A causare la crisi del settore agricolo, rappresentata in modo eclatante dalle proteste dei trattori che nel 2024 hanno invaso Bruxelles, non sarebbero le norme Ue a difesa dell’ambiente bensì i meccanismi di distribuzione dei fondi europei.
È questa la conclusione sulla radice della crisi dell’agricoltura suggerita dal nuovo Report pubblicato da Greenpeace.
In 15 anni il numero delle piccole aziende agricole italiane si è dimezzato, quello delle grandi aziende è raddoppiato. Il Report mette in evidenza come il sistema di sussidi europei favorisca i grandi produttori. Il documento “La crisi degli agricoltori italiani ed europei” evidenzia come per sopravvivere le aziende agricole debbano produrre sempre più e quelle che non riescono a far crescere la produzione sono costrette a chiudere.
A soffrire sono soprattutto le piccole aziende a conduzione familiare con una produzione al di sotto dei 50mila euro all’anno. La tendenza è comune in tutta Europa. Nell’Unione, dal 2007 al 2022, sono scomparsi due milioni di aziende e 3,8 milioni di posti di lavoro contro i soli 306mila nuovi posti di lavoro creati dalle grandi aziende agricole. Queste ultime, pur costituendo l’8% delle aziende più produttive, ottengono il 37% dei fondi della Politica Agricola Comune (Pac) e in 15 anni hanno aumentato il proprio reddito medio dell’84%.
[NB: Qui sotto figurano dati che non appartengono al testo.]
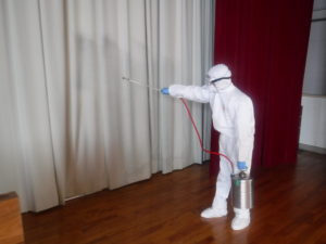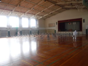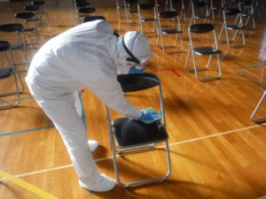 会場は各学校の体育館や施設を利用して行われたため、藤枝市ではそのあとに施設を利用する市民や学生を感染から守るために会場内の除菌対策を計画して万全の体制で執り行われ、その作業に行ってきました。

In Italia sebbene le piccole aziende siano ancora la maggioranza negli ultimi 15 anni sono diminuite del 51%. Le dinamiche di ripartizione dei fondi della Pac sono le stesse; il 30% dei fondi va alle grandi aziende sebbene queste rappresentino soltanto il 7% delle aziende agricole italiane, di conseguenza queste mega aziende sono potute aumentare del 57% e la loro produzione è cresciuta del 70%.
La necessità di aumentare la produzione per poter sopravvivere spinge le piccole realtà a impiegare tecniche intensive a discapito del rispetto dell’ambiente. Secondo Simona Savini, della campagna Agricoltura di Greenpeace Italia, i fondi europei dovrebbero sostenere le piccole realtà sostenibili: “Anziché puntare il dito contro le misure di protezione ambientali, che sono preziose alleate per un’agricoltura in salute, i governi nazionali e l’UE dovrebbero smettere di finanziare le mega aziende agricole intensive e sostenere gli agricoltori che lottano per restare a galla e vogliono contribuire al ripristino della natura“.
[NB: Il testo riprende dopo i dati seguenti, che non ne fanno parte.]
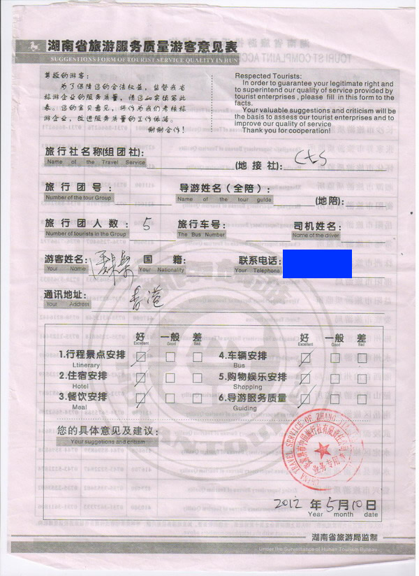 香港潘先生一行5人旅游質(zhì)量回饋
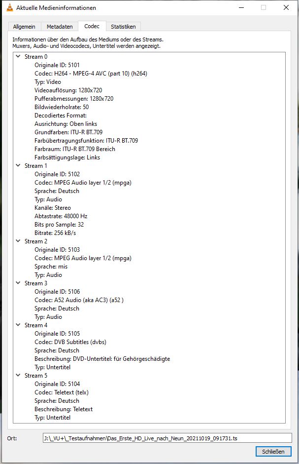 VLC zeigt mir keine Untertitel an, aber in den Daten werden zumindest die richtigen Pids angezeigt:
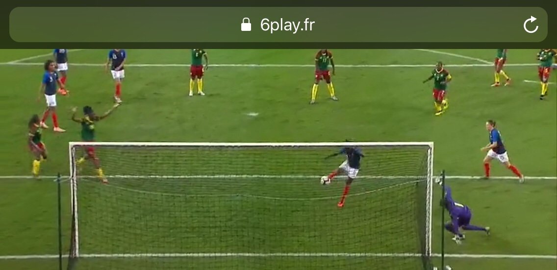 Menées désormais 5-0, les Camerounaises aimeraient sauver l'honneur en allant en marquer un elles-aussi et Sarah a dû intervenir mais cela crée surtout de sérieux espaces dans le camp camerounais et nos filles s'en donnent à coeur joie.
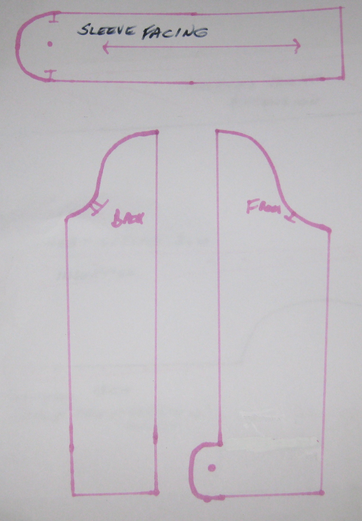Centre seam line added to sleeve; width of facing and sleeve hem detail drawn on to KwikSew sleeve

“Ciò che sta mettendo le aziende agricole in crisi, come evidenziato da molti agricoltori anche durante le proteste, è il fatto che sussidi, regole e mercato sono tutti orientati a beneficio delle realtà più grandi. Le maggiori catene della grande distribuzione e le grandi aziende alimentari e di trasformazione possono imporre prezzi bassi agli agricoltori, spingendo i produttori più piccoli fuori dal mercato“, dichiara Federica Ferrario, responsabile campagna Agricoltura di Greenpeace Italia. “Tutto ciò, mentre gli agricoltori si trovano ad affrontare gli effetti della crisi climatica. Incolpare le norme di tutela ambientale significa mentire in primis agli agricoltori che sono già allo stremo, continuando a foraggiare un sistema che funziona solo per una esigua percentuale di grandi attori del mercato”.